Try it:
Quote the lines of the data below verbatim, beginning at the line that contains "- Die Teams" and ending at the last line, both included, and excluding pictures.

Recorded data:

◆ ◆ ◆ ◆ ◆

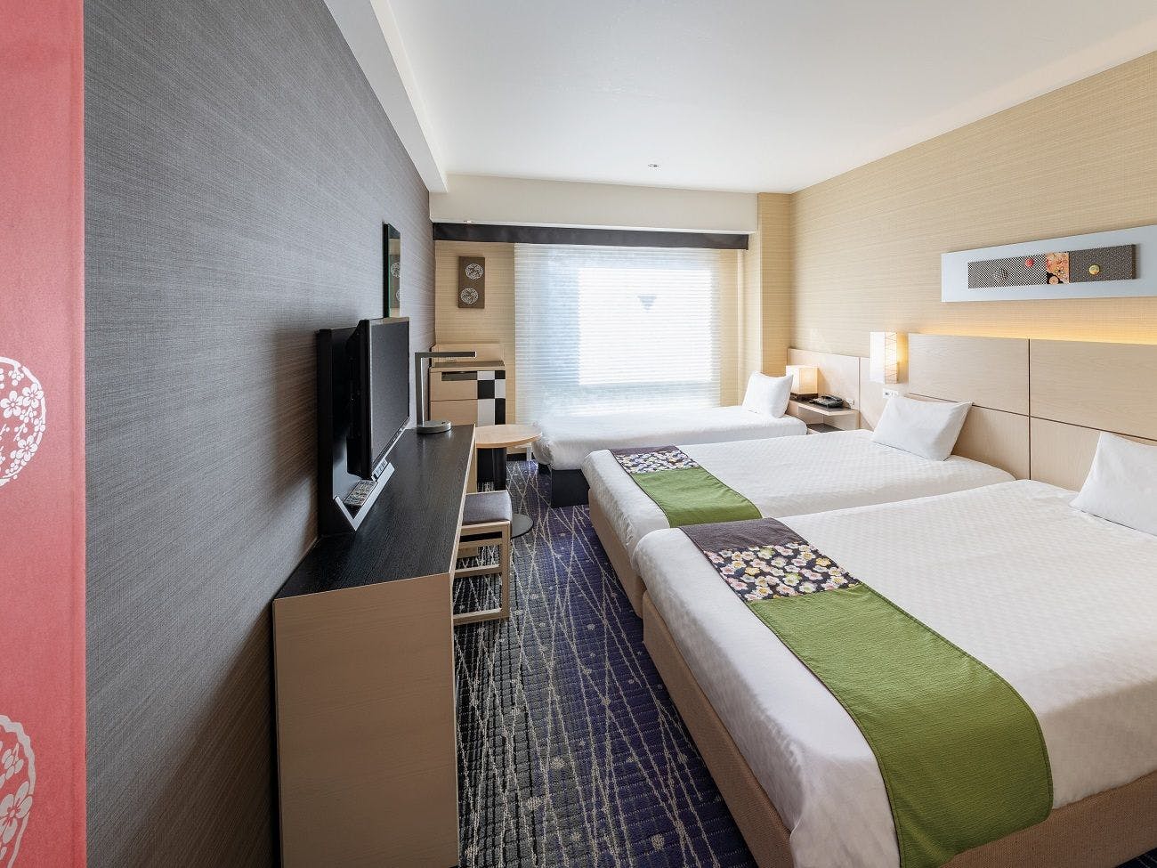 京都の伝統工芸をデザインに取り入れた和モダンなツインルームです。ソファベッドのご利用で3名様でもご宿泊可能です。【広さ】22.5平米【ベッドサイズ】幅113cm×長さ195cm 2台/幅98cm×長さ195cm 1台【バスタイプ】ユニットバス【客室設備】Wi-Fi/空気清浄機/VOD/シャツガウン/ミネラルウォーター
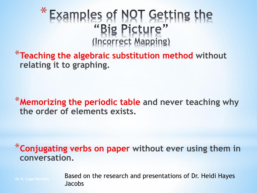 Teaching the algebraic substitution methodwithout relating it to graphing. • Memorizing the periodic table and never teaching why the order of elements exists. • Conjugating verbs on paper without ever using them in conversation. Examples of NOT Getting the “Big Picture” (Incorrect Mapping) Based on the research and presentations of Dr. Heidi Hayes Jacobs Dr E. Lugo Morales
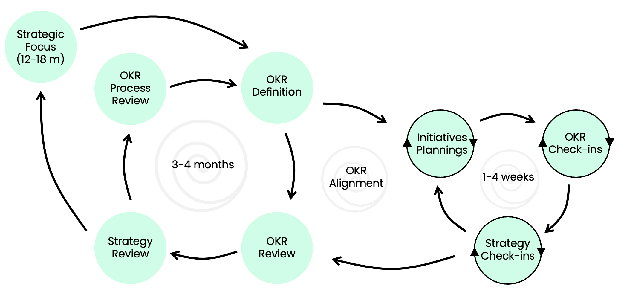 - Die Teams müssen warten, bis alle höheren Ebenen ihre OKR Sets definiert haben, wodurch der gesamte Abstimmungsprozess verlangsamt wird.
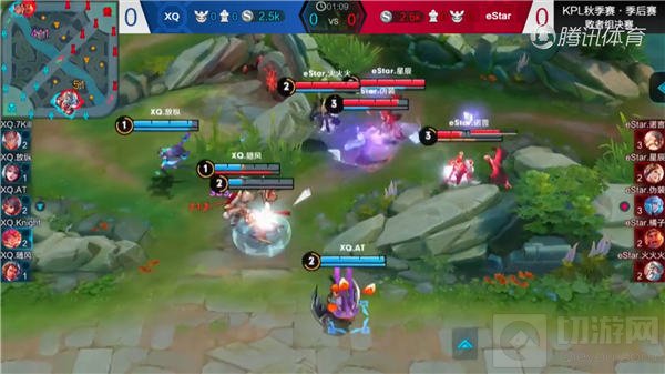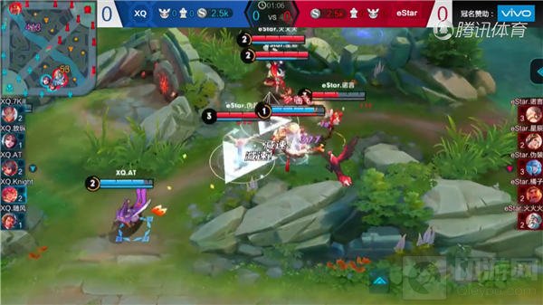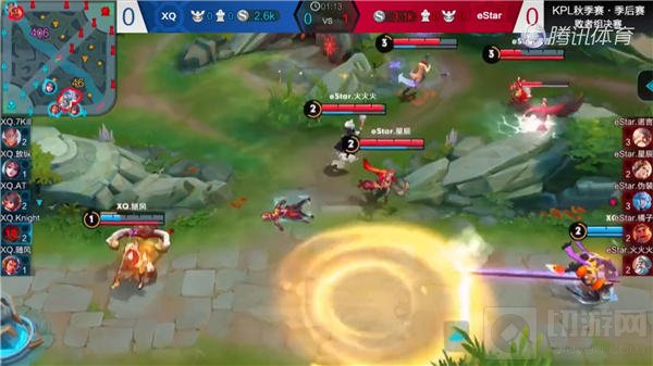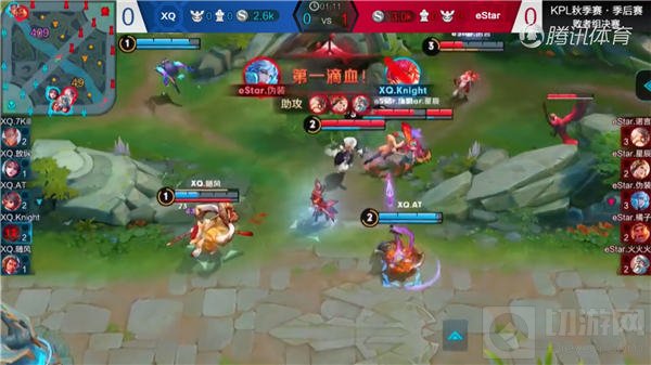 在一场XQ与eStar的比赛中,双方在下路发生了一波团战,此时eStar的诸葛亮入场,先是用自己的二技能命中了花木兰,而后利用自己的一技能贴脸攻击花木兰,并将其打成残血,此时的诸葛亮成功的触发了被动法球,带着自己的被动法球,诸葛亮利用二技能拉近自己和花木兰之间的距离,随后利用被动法球将花木兰成功的击杀,拿到了本场比赛的第一滴血。

◆ ◆ ◆ ◆ ◆

Solution to this task:
 - Die Teams müssen warten, bis alle höheren Ebenen ihre OKR Sets definiert haben, wodurch der gesamte Abstimmungsprozess verlangsamt wird.
 在一场XQ与eStar的比赛中,双方在下路发生了一波团战,此时eStar的诸葛亮入场,先是用自己的二技能命中了花木兰,而后利用自己的一技能贴脸攻击花木兰,并将其打成残血,此时的诸葛亮成功的触发了被动法球,带着自己的被动法球,诸葛亮利用二技能拉近自己和花木兰之间的距离,随后利用被动法球将花木兰成功的击杀,拿到了本场比赛的第一滴血。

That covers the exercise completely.